## [SUPPLIED INFORMATION]
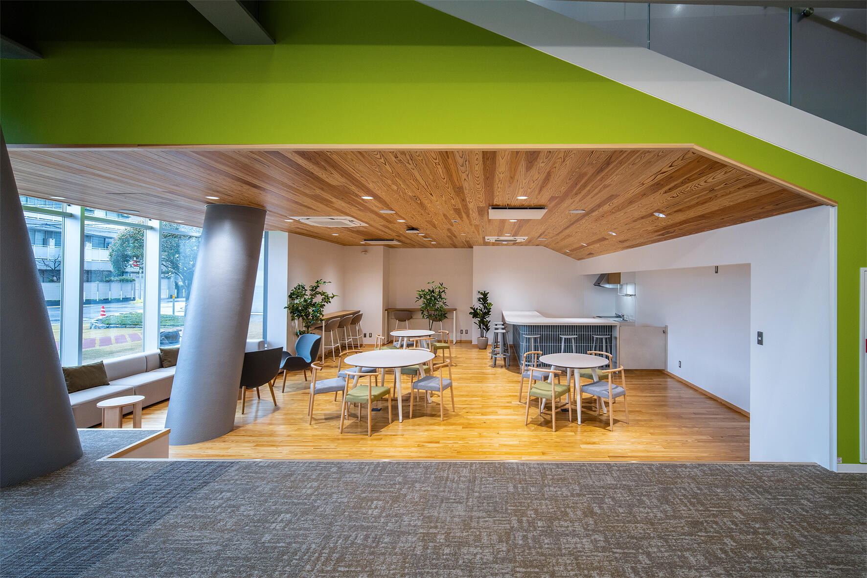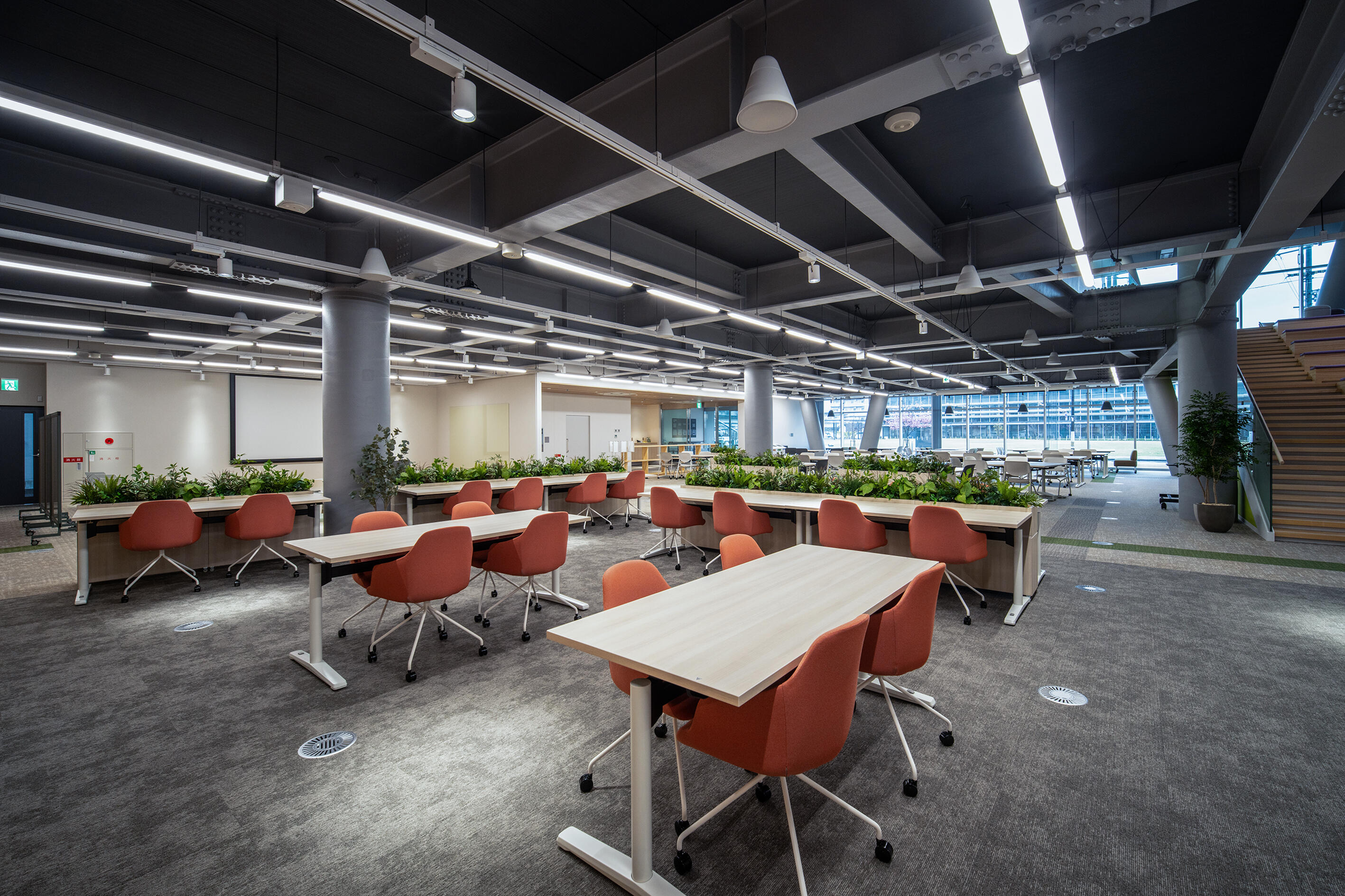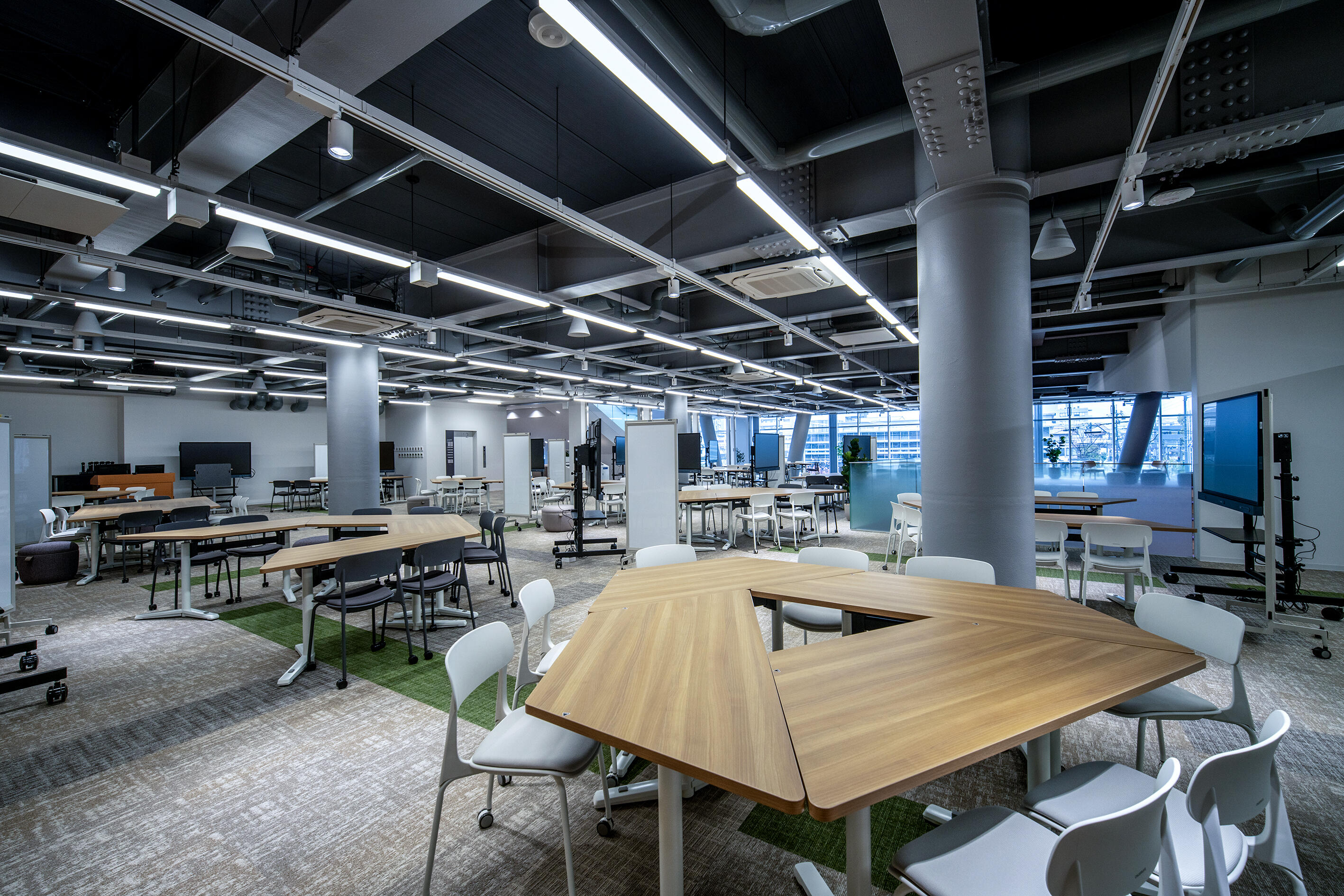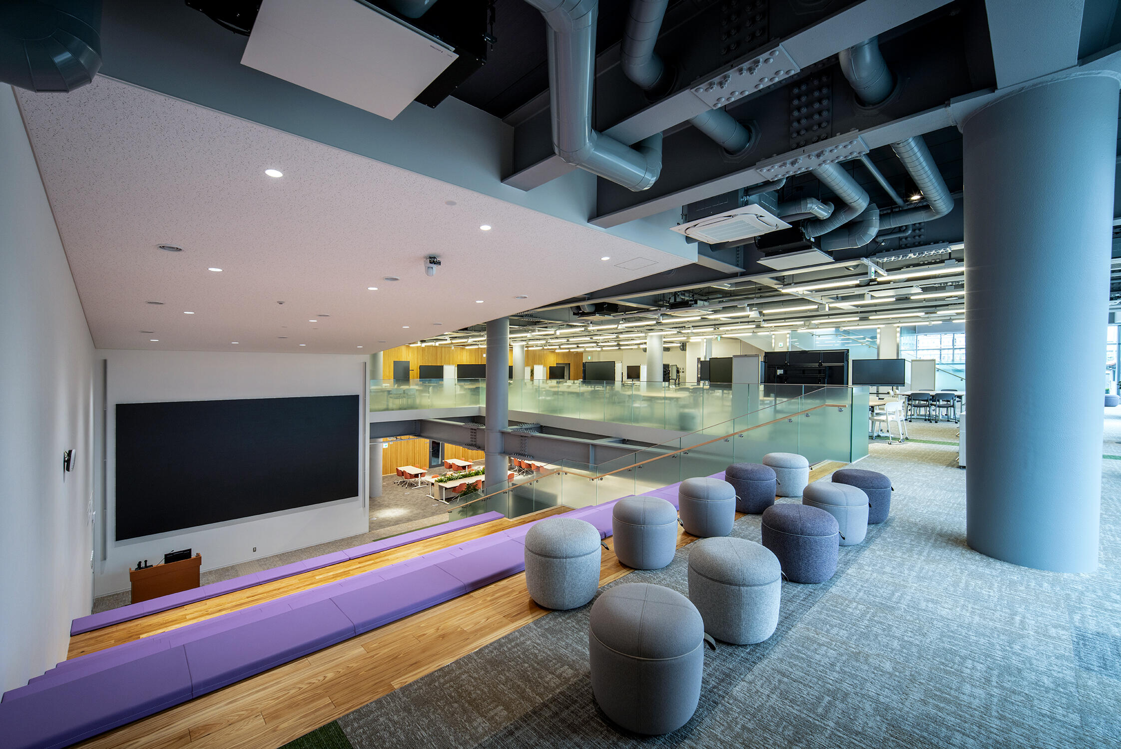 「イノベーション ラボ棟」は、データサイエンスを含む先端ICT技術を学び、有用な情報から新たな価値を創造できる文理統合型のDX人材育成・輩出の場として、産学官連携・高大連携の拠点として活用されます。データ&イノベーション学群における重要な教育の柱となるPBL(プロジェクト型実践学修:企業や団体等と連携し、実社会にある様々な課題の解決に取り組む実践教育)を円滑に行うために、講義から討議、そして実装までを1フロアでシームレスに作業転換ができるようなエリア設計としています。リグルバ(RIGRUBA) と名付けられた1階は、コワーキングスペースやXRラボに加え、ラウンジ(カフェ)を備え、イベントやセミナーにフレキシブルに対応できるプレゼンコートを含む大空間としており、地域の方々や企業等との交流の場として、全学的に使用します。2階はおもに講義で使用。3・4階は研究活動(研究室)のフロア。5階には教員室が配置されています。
...
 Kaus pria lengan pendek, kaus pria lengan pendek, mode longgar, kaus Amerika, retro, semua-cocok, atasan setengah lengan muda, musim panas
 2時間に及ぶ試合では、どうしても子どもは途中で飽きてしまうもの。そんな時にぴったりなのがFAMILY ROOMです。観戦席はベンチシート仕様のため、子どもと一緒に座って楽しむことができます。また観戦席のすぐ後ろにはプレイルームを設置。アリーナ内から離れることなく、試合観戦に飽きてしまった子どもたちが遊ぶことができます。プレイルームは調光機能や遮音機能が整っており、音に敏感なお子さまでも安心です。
==
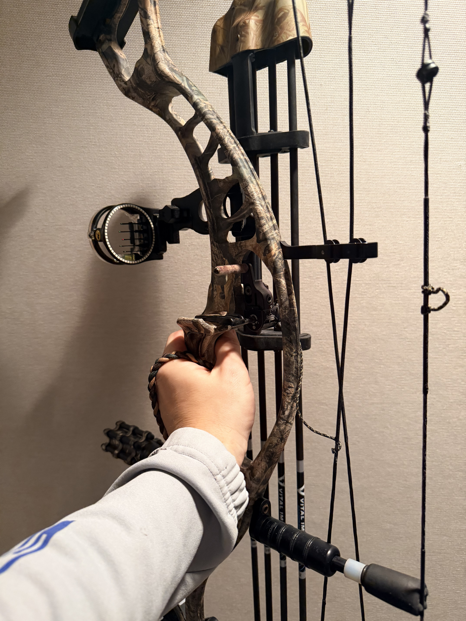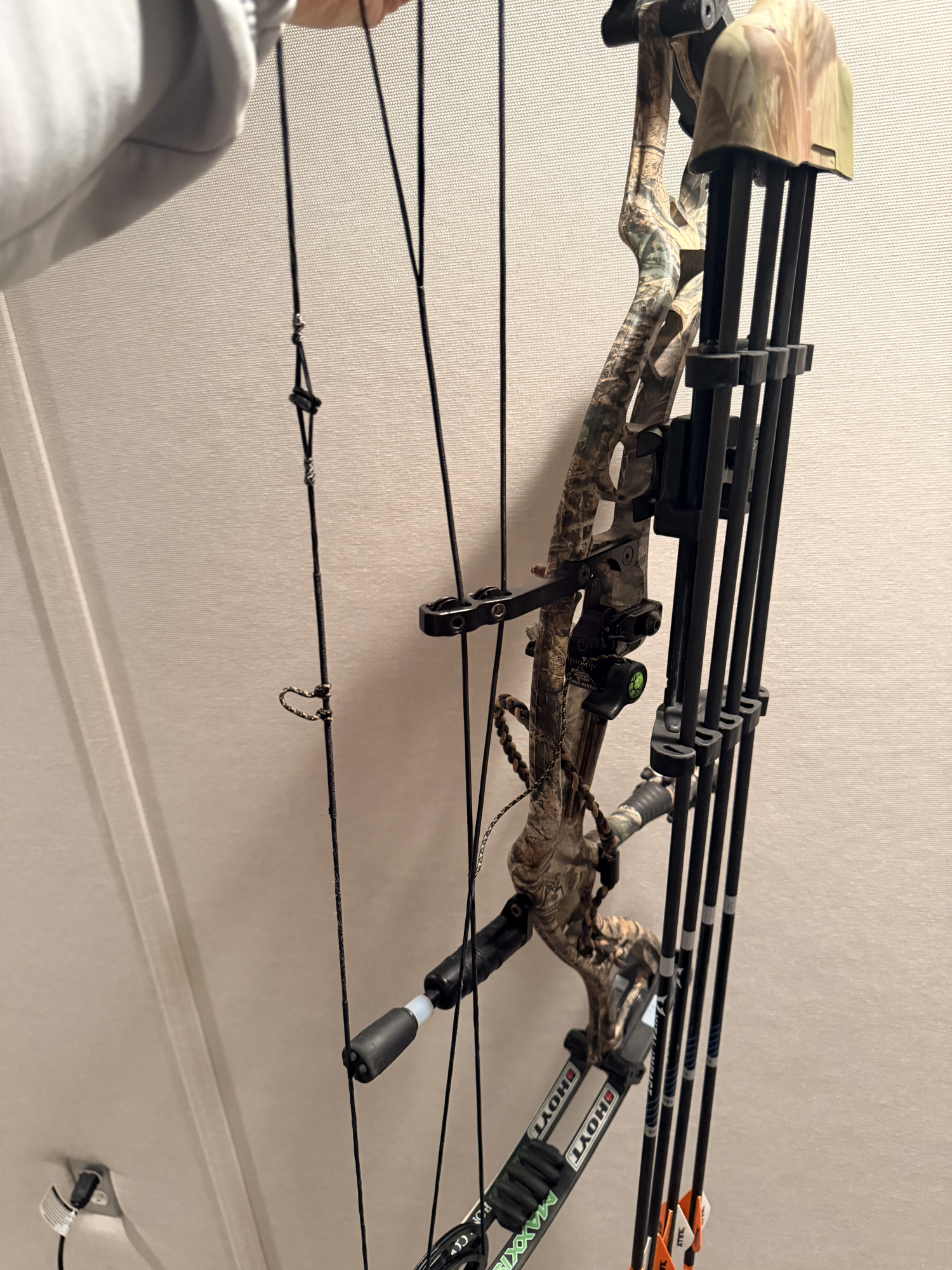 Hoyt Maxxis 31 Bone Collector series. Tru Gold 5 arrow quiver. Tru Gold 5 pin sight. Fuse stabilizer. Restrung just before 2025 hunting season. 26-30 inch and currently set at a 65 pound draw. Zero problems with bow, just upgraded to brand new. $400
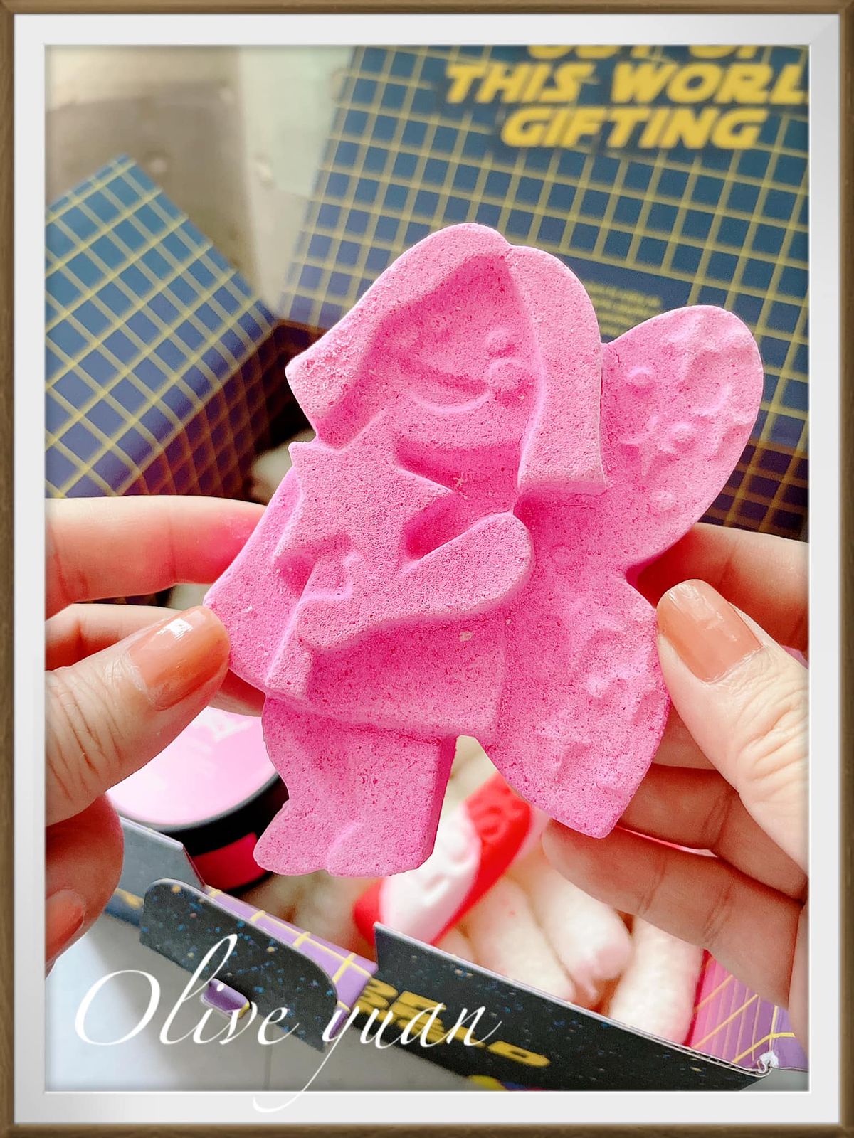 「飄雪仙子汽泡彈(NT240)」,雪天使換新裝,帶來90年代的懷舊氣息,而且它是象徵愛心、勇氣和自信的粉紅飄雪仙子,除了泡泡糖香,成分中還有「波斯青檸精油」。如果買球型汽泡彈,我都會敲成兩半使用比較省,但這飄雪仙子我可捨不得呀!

## [WHAT IS EXPECTED]
Among the entries above, copy exactly only the lines starting with the one containing "Kaus pria lengan pendek, kaus" and going through the one containing "2時間に及ぶ試合では、どうし", both ends included.

## [ANSWER BELOW]
 Kaus pria lengan pendek, kaus pria lengan pendek, mode longgar, kaus Amerika, retro, semua-cocok, atasan setengah lengan muda, musim panas
 2時間に及ぶ試合では、どうしても子どもは途中で飽きてしまうもの。そんな時にぴったりなのがFAMILY ROOMです。観戦席はベンチシート仕様のため、子どもと一緒に座って楽しむことができます。また観戦席のすぐ後ろにはプレイルームを設置。アリーナ内から離れることなく、試合観戦に飽きてしまった子どもたちが遊ぶことができます。プレイルームは調光機能や遮音機能が整っており、音に敏感なお子さまでも安心です。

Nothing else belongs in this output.